Transversal gates for probabilistic implementation of multi-qubit Pauli rotations

Abstract

We introduce a general framework for weak transversal gates -- probabilistic implementation of logical unitaries realized by local physical unitaries -- and propose a novel partially fault-tolerant quantum computing architecture that surpasses the standard Clifford+T architecture on workloads with million-scale Clifford+T gate counts. First, we prove the existence of weak transversal gates on the class of Calderbank-Shor-Steane codes, covering high-rate qLDPC and topological codes such as surface code or color codes, and present an efficient algorithm to determine the physical multi-qubit Pauli rotations required for the desired logical rotation.
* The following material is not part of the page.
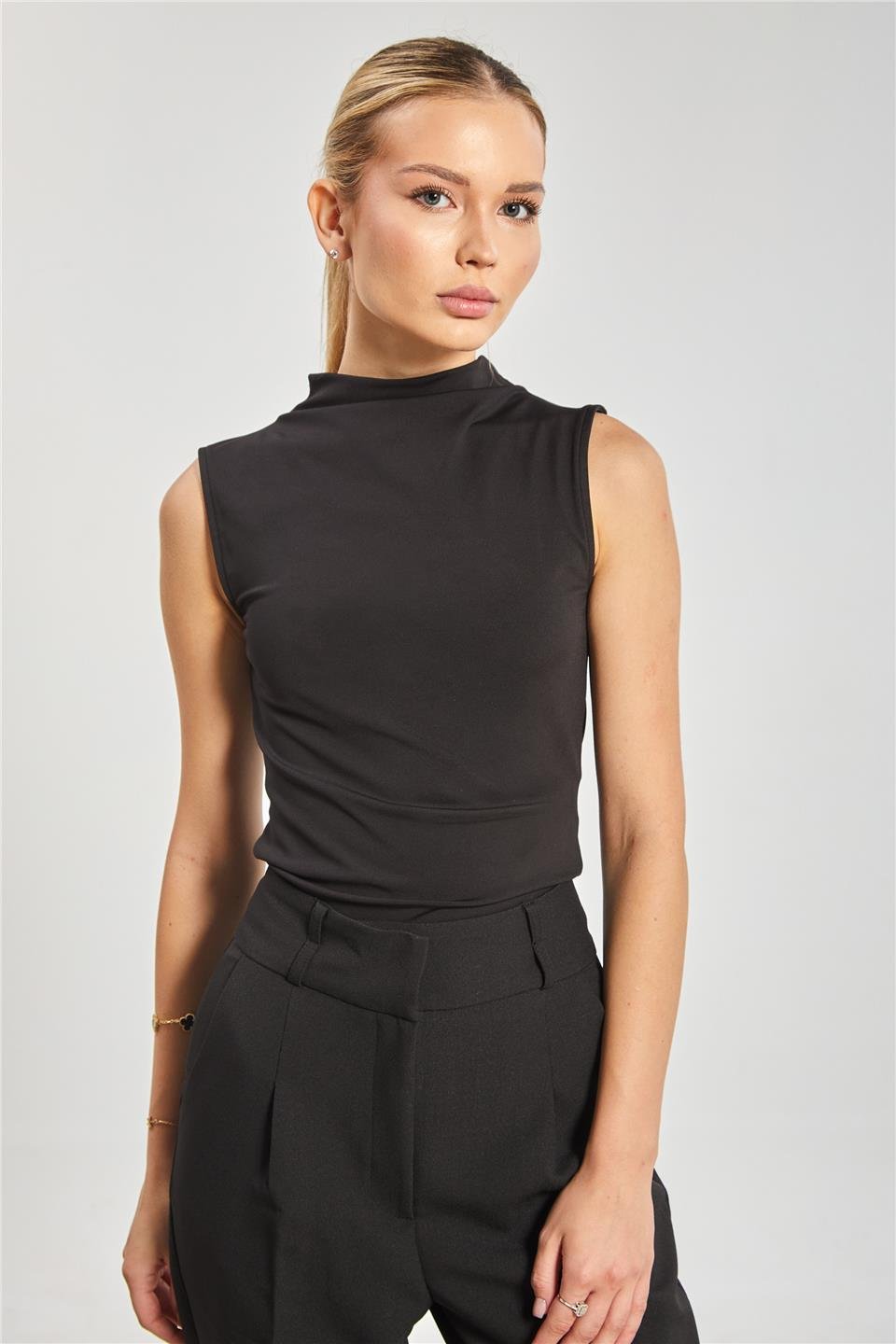 Kadın Dik Yaka Sıfır Kol Body - Siyah

Second, we propose a partially fault-tolerant Clifford+$φ$ architecture that performs in-place Pauli rotations via a repeat-until-success strategy; phenomenological simulations indicate that a rotation of 0.003 attains logical error of $9.5\times10^{-5}$ on a surface code with $d=7$ at physical error rate of $10^{-4}$, while avoiding the spacetime overheads of magic state factories, small angle synthesis, and routing. Finally, we perform resource estimation on surface and gross codes for a Trotter-like circuit with $N=108$ logical qubits to show that the Clifford+$φ$ architecture outperforms the conventional Clifford+T approach by a factor of tens to a hundred in runtime due to natural rotation-gate parallelism. This work open a novel paradigm for realizing logical operations beyond the constraints of conventional design.